Subject: partial reiser4 review comments

I'm only partway through this, but let me unload my observations thus far.
I still need to find a chunk of time for a file-by-file walkthrough and
it's unobvious where that chunk will come from at present :(

reiser4 as found in 2.6.18-rc2-mm1.

- set_page_dirty_internal() pokes around in VFS internals. Use
__set_page_dirty_no_buffers() or create a new library function in
mm/page-writeback.c.

In particular, it gets the radix-tree dirty tagging out of sync.

- running igrab() in the writepage() path is really going to hammer
inode_lock. Something else will need to be done here.

- The preferred way of solving the above would be to mark the page as
PageWriteback() with set_page_writeback() prior to unlocking it. That'll
pin the page and the inode. It does require that the page actually get
written later on. If we cannot do that then more thought is needed.

- wbq.sem should be using a completion for the "wait until entd finishes",
not a semaphore. Because there's a teeny theoretical race when using
semaphores this way which completions were designed to avoid. (The waker
can still be playing with the semaphore when it has gone out of scope on the
wakee's stack).

- write_page_by_ent(): the "spin until entd thread" thing is gross.

This function is really lock-intensive.

- If poss, use wake_up_process() rather than wake_up(). That'll save some
locking.

- Running iput() in entd() is a bit surprising. iirc there are various ways
in which this can recur into the filesystem, perform I/O, etc. I guess it
works..

But again, it will hammer inode_lock.

- entd_flush(): bug:

rq->wbc->range_start = rq->page->index << PAGE_CACHE_SHIFT;

this can overflow on 32-bit. Need to cast rq->page->index to loff_t.

- the writeout logic in entd_flush() is interesting (as in "holy cow").
It's very central and really needs some good comments describing what's
going on in there - what problems are being solved, which decisions were
taken and why, etc.

The big comment in page_cache.c is useful. Please maintain it well.

Boy, it has some old stuff in it.

- writeout() is a poor name for a global function. Even things like
"txn_restart" are a bit generic-sounding. Low-risk, but the kernel's
getting bigger...

If it were mine, I'd prefix all these symbols with "r4_".

prepare_to_sleep(), page_io(), drop_page(), statfs_type(),
pre_commit_hook(), etc, etc, etc, etc. Much namespace pollution.

- reiser4_wait_page_writeback() needs commenting.

- reading the comment in txnmgr.c regarding MAP_SHARED pages: a number of
things have changed since then. We have page-becoming-writeable
notifications and probably soon we'll always take a pagefault when a
MAP_SHARED page transitions from pte-clean to pte-dirty (although I wouldn't
recommend that a filesystem rely upon the latter for a while yet).

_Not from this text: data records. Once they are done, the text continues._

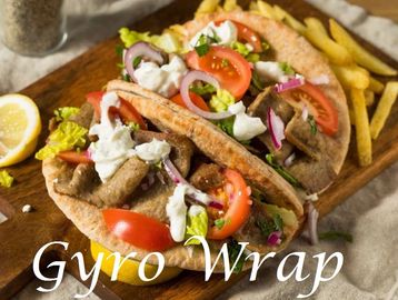 Beef Gyro with lettuce, tomato, onion, special gyro sauce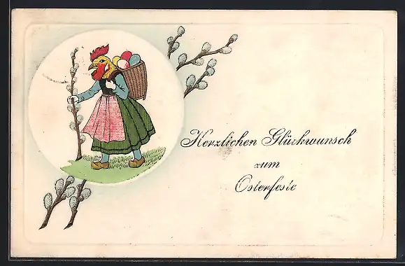 AK Ostergruss, Huhn trägt Korb mit Ostereiern auf dem Rücken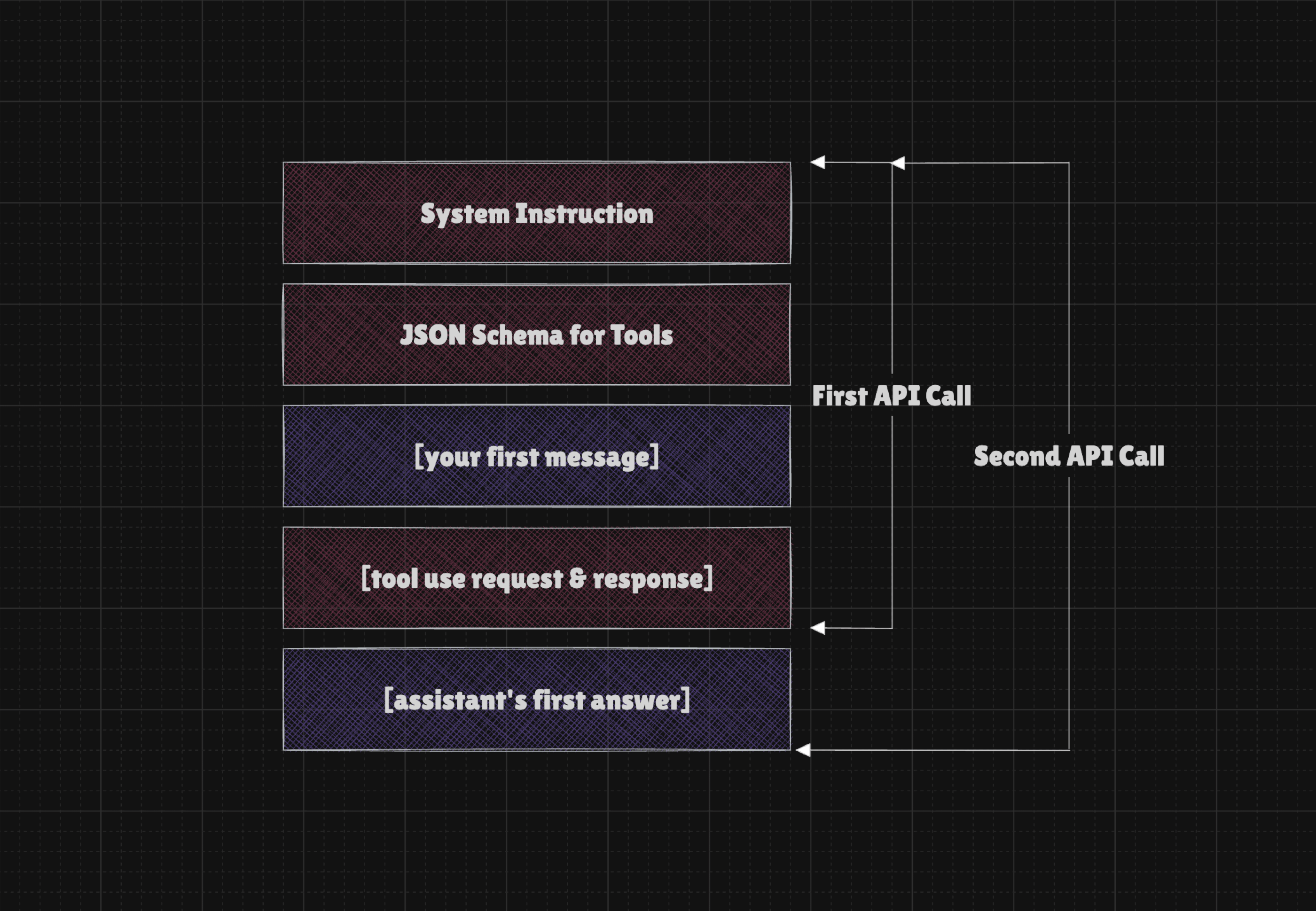 Since LLMs generate responses token by token based on preceding content, it means that calling an LLM within a loop requires us to submit the entire conversation and system instruction or at least the necessary context that will be enough for the model to decide on the next step.

- invalidate_list() is a poorly-chosen global identifier. We already have
an invalidate_list() in fs/inode.c, too.

Please audit all of reiser4's global identifiers (use nm *.o) for suitable
naming choices.

- semaphores are deprecated. Please switch to mutexes and/or completions
where appropriate and possible.

- page_cache.c: yes, mpage_end_io_write() and mpage_end_io_read() are pretty
generic - we might as well export them.

- drop_page() is a worry. Why _does_ reiser4 need to remove pages from
pagecache? That isn't a filesystem function.

drop_page() appears to leave the no-longer-present page tagged as dirty in
the radix-tree.

- truncate_jnodes_range() looks wrong to me. When we populate gang[], there
can be any number of NULL entries placed in it. But the loop which iterates
across the now-populated gang[] will bale out when it its the _first_ NULL
entry. Any following entries will have a leaked jref() against them.

- reiser4_invalidate_pages() is a mix of reiser4 things and of
things-which-the-vfs-is-supposed-to-do. It is uncommented and I am unable
to work out why it was necessary to do this, and hence what we can do about
it.

- reiser4_readpages() shouldn't need to clean up the remaining pages on
*pages. read_cache_pages() does that now.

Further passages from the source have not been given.